Just days before that Musa, who had been facing 46 charges of money laundering and corruption involving timber concessions in Sabah, had all his charges inexplicably dropped by the prosecution.
But his bid for power through the back door caused by jumping frogs was thwarted when the governor agreed with Shafie Apdal, the chief minister, and called for new elections. Paradoxically, Musa has been dropped from the opposition’s list of candidates - we wait with bated breath.
We all know why these people defected - any Malaysian would derisively laugh in your face if you told them that they moved camps because of idealistic reasons or because of altruism. And surprisingly - or not surprisingly - no authority has seen it fit to investigate why they switch ponds. An evidently corrupt practice is simply accepted just like that.
A compliant judiciary used the freedom of association clause in the constitution to legitimise party-hopping with no need for an elected people’s representative to vacate his seat upon changing parties, a practice that perpetuated an unstable state assembly in Sabah for many years as the moneyed peddled to topple elected governments.
Sabah’s jumping frogs, some prodded by the federal government, caused state governments to fall while the “IC project” which led to many foreign Muslims becoming Sabahans through a federally-sponsored programme to change population demographics made it impossible for Sabahans to exercise their democratic rights fairly.
Untrammelled exploitation
Months earlier, across the South China Sea in Peninsular Malaysia, history was created when for the first time ever a federal Malaysian government was toppled after elected MPs from Harapan defected to the Perikatan Nasional coalition.
The political situation is in shambles. Race and religion are used shamelessly and seditiously to gain popular support.

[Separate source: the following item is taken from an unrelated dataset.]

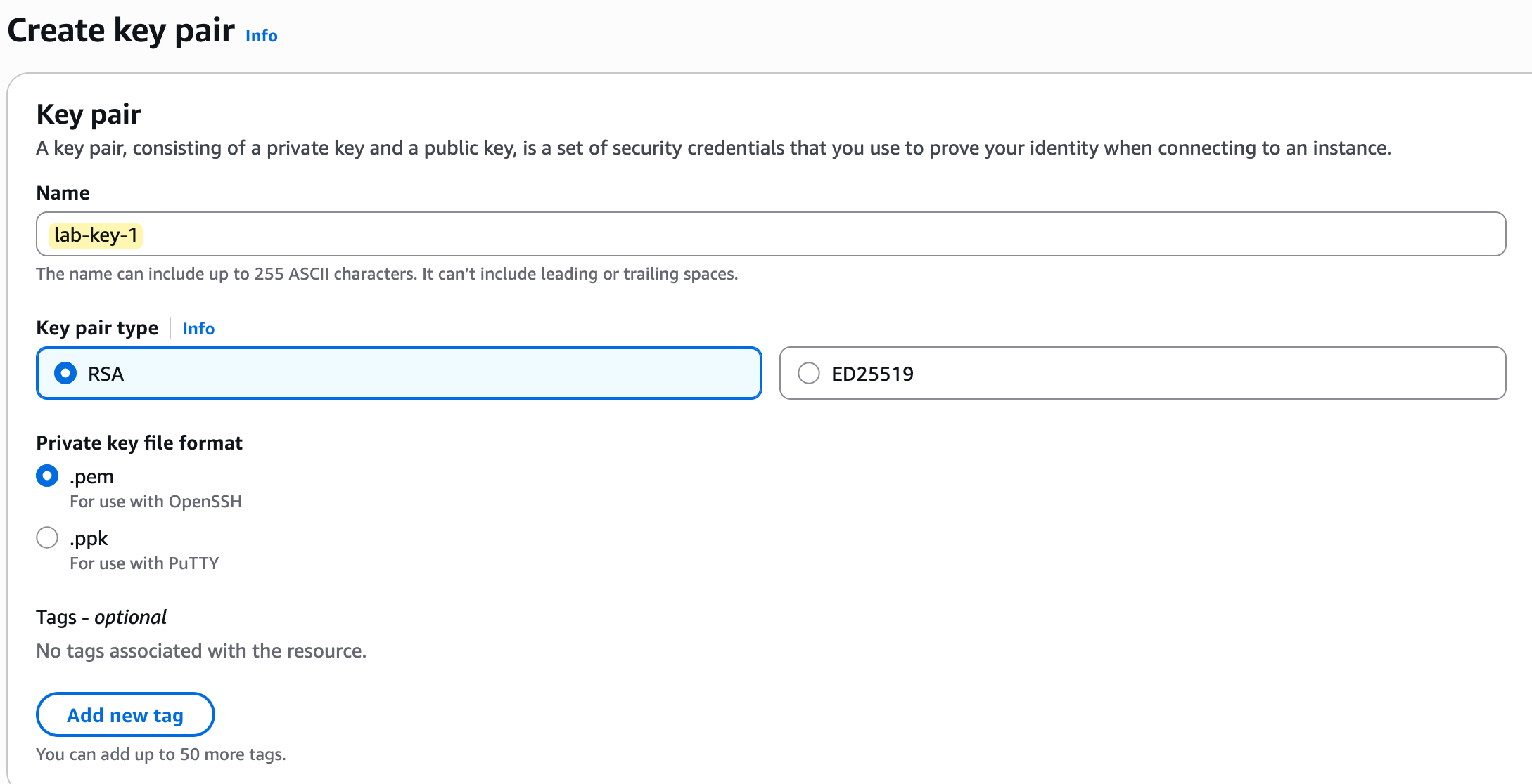 For this example, I am accepting all the default options - RSA for the type and .pem for the file format. I will give it the name lab-key-1.

Selective prosecution and differential punishment depending on the status of the offended and offending party highlight inequality under the law.
The oppression of minorities in the name of religion and race is justified over and over again and sentiments against others are fanned and flamed, moving us further and further away from the goal of one people, one nation, making it just a distant dream.

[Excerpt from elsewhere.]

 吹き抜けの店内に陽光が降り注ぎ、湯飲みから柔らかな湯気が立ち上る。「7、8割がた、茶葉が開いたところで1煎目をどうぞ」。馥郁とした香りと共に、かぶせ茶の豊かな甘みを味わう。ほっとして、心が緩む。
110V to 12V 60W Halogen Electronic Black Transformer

The Malaysia Agreement of 1963 (MA63) which dictates the terms under which Sabah and Sarawak are in Malaysia are in tatters with steady deterioration in the terms caused by complicit and corrupt leaders both from the two states and at the federal level.
While Sabahans and Sarawakians now call for oil and gas rights to revert to the states or a large proportion of revenue to be channelled back into the states one wonders how much of these will flow back to the poor and disadvantaged, some of the poorest in Malaysia.
The gross, untrammelled exploitation of the fabled, fabulous timber resources in both states for the benefit of a couple of handfuls of rich people both businessmen and politicians, some of the richest in all of Malaysia, engenders little confidence that if oil and gas resources had gone to the states it would have been properly allocated.
And if Malaysians can’t freely work and live in Sabah and Sarawak the way those from the states can in the peninsula, what does it say about Malaysia as a concept? Meantime, aspects of MA63 negotiations are still classified as official secrets. Why? MA63 needs reworking badly.
Malaysia berjaya? No, we are not even close. Would this government at the federal level and those at the state levels be able to take us closer to that goal? No! It needs new governments and enlightened leadership at both levels.
Problem is, there are not a great number of leaders out there. But a start is to kick out those who are there and can’t perform and to keep on kicking them out until we find some who can do the job.
Oh Malaysia, it’s going to be a while yet before we berjaya. But let’s never give up.
P GUNASEGARAM says that change starts with all of us. - Mkini
The views expressed here are those of the author/contributor and do not necessarily represent the views of MMKtT.